Actinomyces spp. generally have low virulence and are part of the normal flora of the mouth, other sites in the gastrointestinal tract, and the female genital tract. Actinomyces spp. are prevalent in the mouth from infancy and are recoverable from periodontal pockets, carious teeth, dental plaque, and tonsillar crypts. , Actinomyces infections have an endogenous source and are infrequent in children <10 years of age, but these infections are underrecognized probably because of fastidious growth requirements. Actinomyces spp. take advantage of breaches in mucosal barriers or obstruction or aspiration to become pathogenic. , Cervicofacial and oral disease is associated with trauma, dental procedures, eruption of a molar tooth, oral surgical procedures, or dental infection. Pulmonary infections usually follow aspiration of oropharyngeal or gastrointestinal secretions. Other less common routes of infection are extension from cervicofacial disease or spread from the abdomen and, rarely, dissemination through blood from other sites of infection (e.g., pelvic or orofacial). Gastrointestinal infection frequently follows loss of mucosal integrity, which can occur with appendicitis, trauma, or foreign bodies. The use of an intrauterine contraceptive devices and cerclage have been linked to the actinomycosis of the female genital tract.

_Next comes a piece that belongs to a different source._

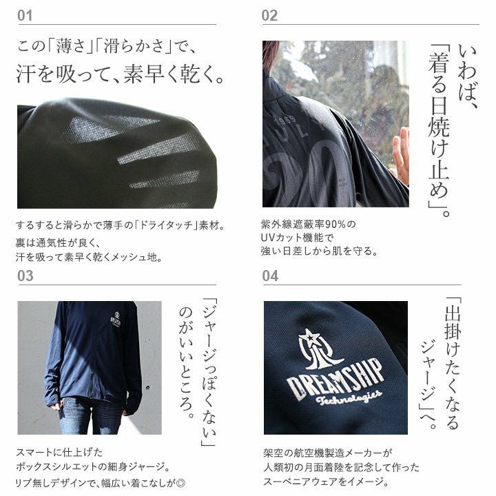「着る、日焼け止め」。しかも、「涼しく、ドライ」。 ジャージ ラッシュガード 長袖 メンズ レディース uvカット アポロ月面到着 バック プリント 吸水 速乾 涼しい 軽い ドライ タッチ 紫外線防止 薄手 おしゃれ ジップアップ 春 夏 カジュアル パティ TOneontoNE トーン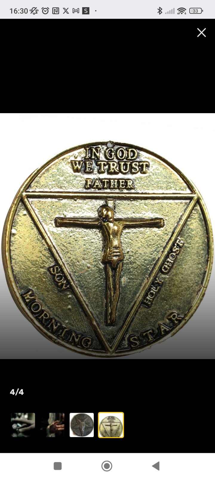Ženy, aj keď nie som nejako extra praktizujúci kresťan pred niektorými vecami mám rešpekt. 🫣 Je v poriadku nosiť takúto mincu so sebou? Videla som seriál na Netflixe a tam mal jeden v rukách takúto mincu. Z druhej strany je zobrazená tuším koza v trojuholníku a nápis "in God we"re damned". Prosím Vás 🙏 bez hádania sa, aj som googlila ale nikde nie je o Tom nič napísané, a ako som spomínala no mám pred takými vecami rešpekt hlavne z tej druhej strany mince ;) nechcem sa však s takými vecami zahrávať 🙂

Actinomyces infections are uncommon and indolent but invasive. Infection generally is polymicrobial and can involve any body organ, including the heart. Other copathogens with Actinomyces act synergistically by enhancing the spread of infection through inhibition of host defenses and reduction of local oxygen tension. The diagnosis often is delayed because of nonspecific and prolonged symptoms. Patients with chronic granulomatous disease have an unusual susceptibility to Actinomyces. Cases of cutaneous actinomycosis have been associated with anti–tumor necrosis factor therapy, HIV infection, and solid organ transplantation.

Clinical Manifestations

Unique characteristics of actinomycosis are indolent inflammation with spreading (“burrowing”) through soft and bony tissue planes to contiguous sites or along fascial planes to remarkably distant sites. The hallmark of actinomycosis is spread that fails to respect tissue planes. Classically, small abscesses form at the site of origin, with extension to form multiple sinus tracts that can drain yellow, gritty, purulent material (sulfur granules) composed of spheroid colonies of radiating club-shaped filaments, neutrophils, debris, and granulomatous reaction. Actinomyces grows in tissues in microscopic or macroscopic clusters of tangled filaments surrounded by neutrophils. The differential diagnosis includes other chronic infections at these sites, including tuberculosis, nocardiosis, and complications of foreign bodies. The most common sites of infection are cervicofacial, abdominopelvic, thoracic, and central nervous system.